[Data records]
━━━━━━━━━━━━━━━━━━━━━━━━━━━━━━
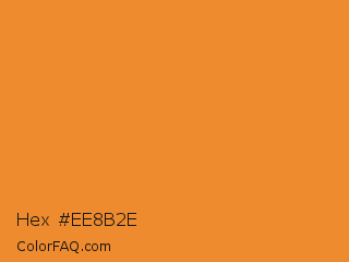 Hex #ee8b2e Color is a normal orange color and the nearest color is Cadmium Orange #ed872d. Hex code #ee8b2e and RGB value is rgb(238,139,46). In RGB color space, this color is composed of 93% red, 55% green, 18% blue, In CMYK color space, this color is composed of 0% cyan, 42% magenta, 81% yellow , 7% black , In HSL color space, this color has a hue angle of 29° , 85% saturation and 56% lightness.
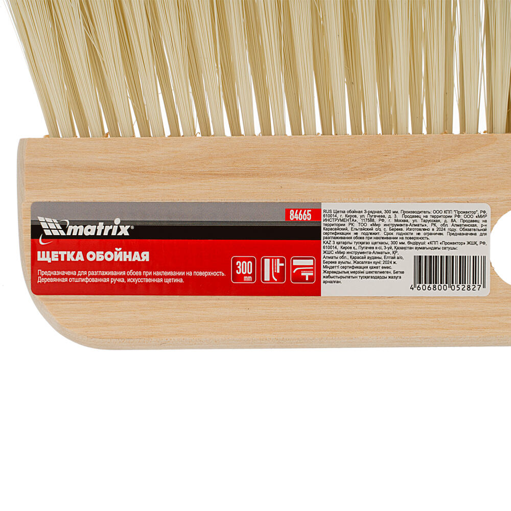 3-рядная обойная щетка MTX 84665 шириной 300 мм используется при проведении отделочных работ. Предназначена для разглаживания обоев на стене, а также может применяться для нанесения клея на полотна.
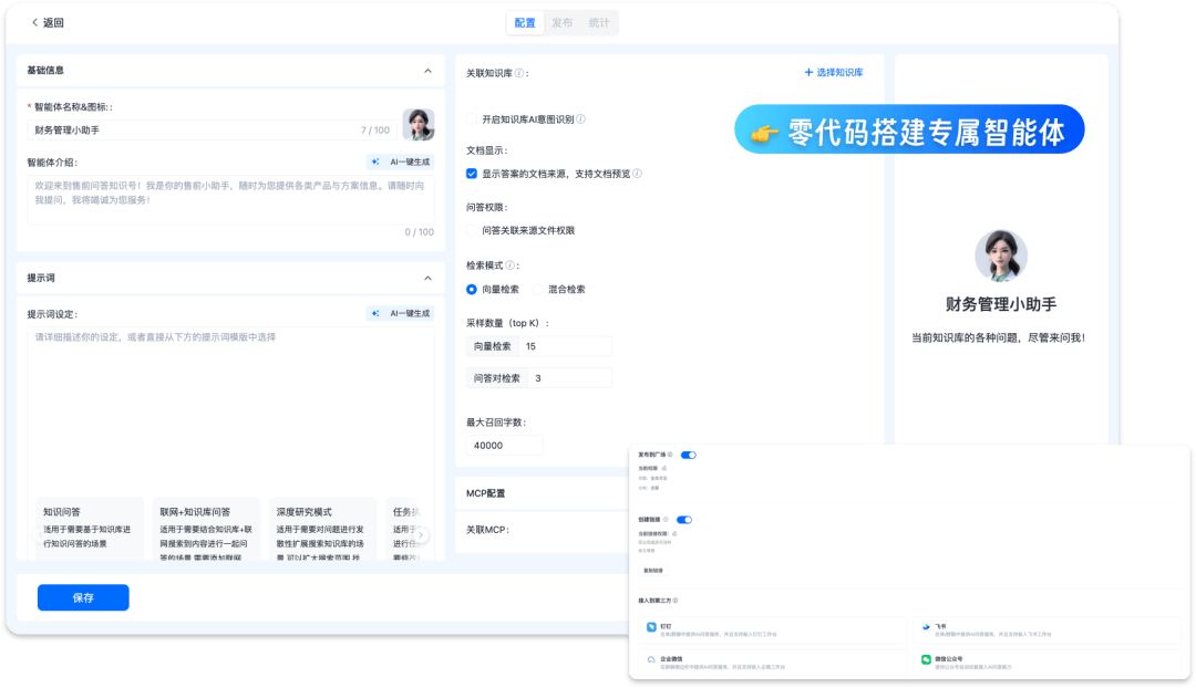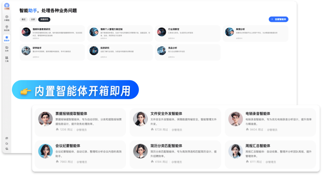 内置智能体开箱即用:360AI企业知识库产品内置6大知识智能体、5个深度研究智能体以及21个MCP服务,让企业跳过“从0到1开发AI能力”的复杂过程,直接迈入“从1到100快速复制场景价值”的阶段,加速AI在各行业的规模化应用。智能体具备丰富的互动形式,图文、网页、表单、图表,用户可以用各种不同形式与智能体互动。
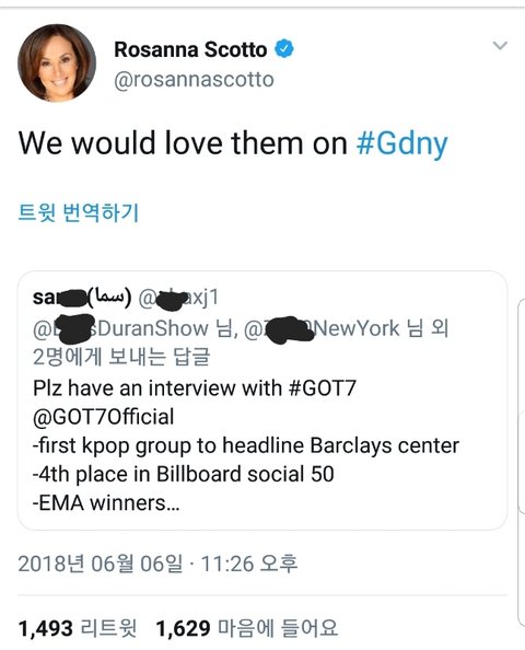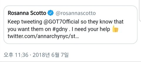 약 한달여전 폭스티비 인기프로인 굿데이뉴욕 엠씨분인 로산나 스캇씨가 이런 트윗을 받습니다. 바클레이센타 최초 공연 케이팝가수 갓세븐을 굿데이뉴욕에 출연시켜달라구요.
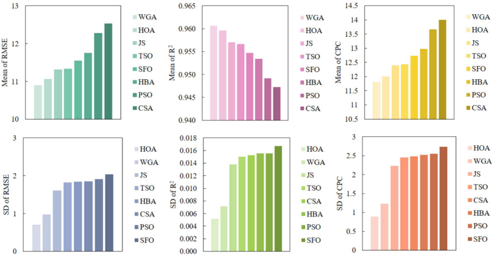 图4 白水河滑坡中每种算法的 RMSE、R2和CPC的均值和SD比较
━━━━━━━━━━━━━━━━━━━━━━━━━━━━━━
# What needs to be done
Keep the pictures out and transcribe the entries exactly.

# Solution to this problem
 Hex #ee8b2e Color is a normal orange color and the nearest color is Cadmium Orange #ed872d. Hex code #ee8b2e and RGB value is rgb(238,139,46). In RGB color space, this color is composed of 93% red, 55% green, 18% blue, In CMYK color space, this color is composed of 0% cyan, 42% magenta, 81% yellow , 7% black , In HSL color space, this color has a hue angle of 29° , 85% saturation and 56% lightness.
 3-рядная обойная щетка MTX 84665 шириной 300 мм используется при проведении отделочных работ. Предназначена для разглаживания обоев на стене, а также может применяться для нанесения клея на полотна.
 内置智能体开箱即用:360AI企业知识库产品内置6大知识智能体、5个深度研究智能体以及21个MCP服务,让企业跳过“从0到1开发AI能力”的复杂过程,直接迈入“从1到100快速复制场景价值”的阶段,加速AI在各行业的规模化应用。智能体具备丰富的互动形式,图文、网页、表单、图表,用户可以用各种不同形式与智能体互动。
 약 한달여전 폭스티비 인기프로인 굿데이뉴욕 엠씨분인 로산나 스캇씨가 이런 트윗을 받습니다. 바클레이센타 최초 공연 케이팝가수 갓세븐을 굿데이뉴욕에 출연시켜달라구요.
 图4 白水河滑坡中每种算法的 RMSE、R2和CPC的均值和SD比较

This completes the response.